A chronological journey through digital interactive entertainment.

1936/7: Turing and Shannon

The mid to late 1930s saw the publication of two complementary landmark papers in the early history of computer science. One lays the theoretical groundwork for computers as general-purpose solvers of any algorithm. The other proposes the application of electronic (relay) circuits to problems of symbolic logic.

In his 1936 paper On Computable Numbers, with an Application to the Entscheidungsproblem, English mathematician Alan Mathison Turing introduced the concept of a simple, hypothetical “automatic machine”, later named a (universal) Turing machine. He proved such a machine to be capable of computing anything that is computable, using only a read/write head performing elementary operations (read, write, move) over an infinite memory, governed by strictly following a set of atomic rules. Since Turing showed that all computable algorithms can be reduced to such a set of rules for his conceptual machines, they serve as the basic theoretical model for a digital general-purpose computer—the ultimate hypothetical computing machine. Such machines are said to be Turing-complete, a label that applies to all modern computers.

Turing applied these ideas to show that there can be no general solution to the Entscheidungsproblem, which asks for an algorithm that can determine truth or falsity of any mathematical statement. He did so by showing that his conceptual machines are not able to solve the equivalent halting problem, which asks for an automatic machine to determine whether any other automatic machine, given its program (i.e. set of rules), will ever terminate. (The gist of it: in order to examine the machine and program to be tested, the testing machine would essentially need to emulate, or re-enact, all the steps it performs—so, if the process being examined never reaches a conclusion, neither will the process that examines it.)

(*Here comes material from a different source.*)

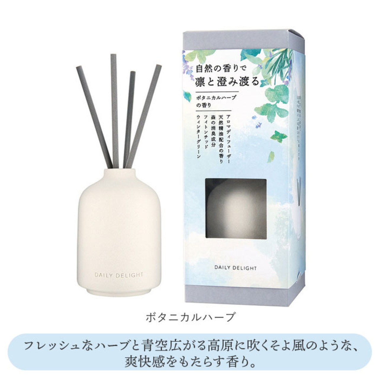 ・ボタニカルハーブ…フレッシュなハーブと青空広がる高原に吹くそよ風のような、爽快感をもたらす香り。
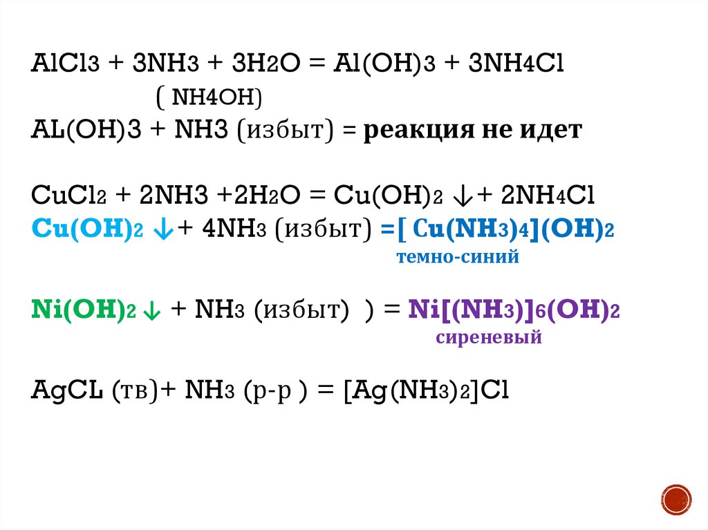 AlCl3 + 3NH3 + 3H2O = Al(OH)3 + 3NH4Cl( NH4OH)

These important theoretical results, and their very practical applications to the design of digital computers and programming languages, have earned Alan Turing the honourable title of “father of computer science”. Interestingly, few people recognised the importance of the work at the time of its publication. The Turing Award, the so-called “Nobel Prize of computing”, is named in his honour, and awarded annually to the most influential computer scientists.

In 1937, at the Massachusetts Institute of Technology (MIT), Claude Elwood Shannon completed his master’s thesis, of which a portion was published as a paper entitled A Symbolic Analysis of Relay and Switching Circuits in 1938. In it, Shannon proposed to consider relay switching networks as Boolean expressions, where open and closed relays represented Boolean values of 0 and 1, respectively. Boolean algebra could then be used to simplify existing arrangements, or find the most efficient implementation of new requirements. However, this is overshadowed by the implications of the reverse operation: modelling Boolean expressions as networks of relays, which could then be used to solve logic problems. This is the foundation of digital circuit design, and by extension all of electronic digital computing.

The same principle was already described two years prior, in a 1935 thesis by Russian electrical engineer Victor Shestakov. However, Shestakov’s work was not published until 1941, so the credit for creating a sound theoretical basis for digital circuit design went to Shannon instead. Experimental designs in digital circuitry had been realised earlier, but in a rather limited and ad hoc fasion. Shannon’s way of thinking paved the way for more complex logic circuits, translated to vacuum tubes and transistors, eventually leading to today’s incredibly complex integrated circuits (ICs).

Shannon continued to expand on his ideas, earning the title “father of information theory” by almost single-handedly creating the eponymous new field of science with the publication of another paper in 1948 (a separate article on the topic will follow).

Alan Turing and Claude Shannon knew each other, having met and exchanged ideas on numerous occasions.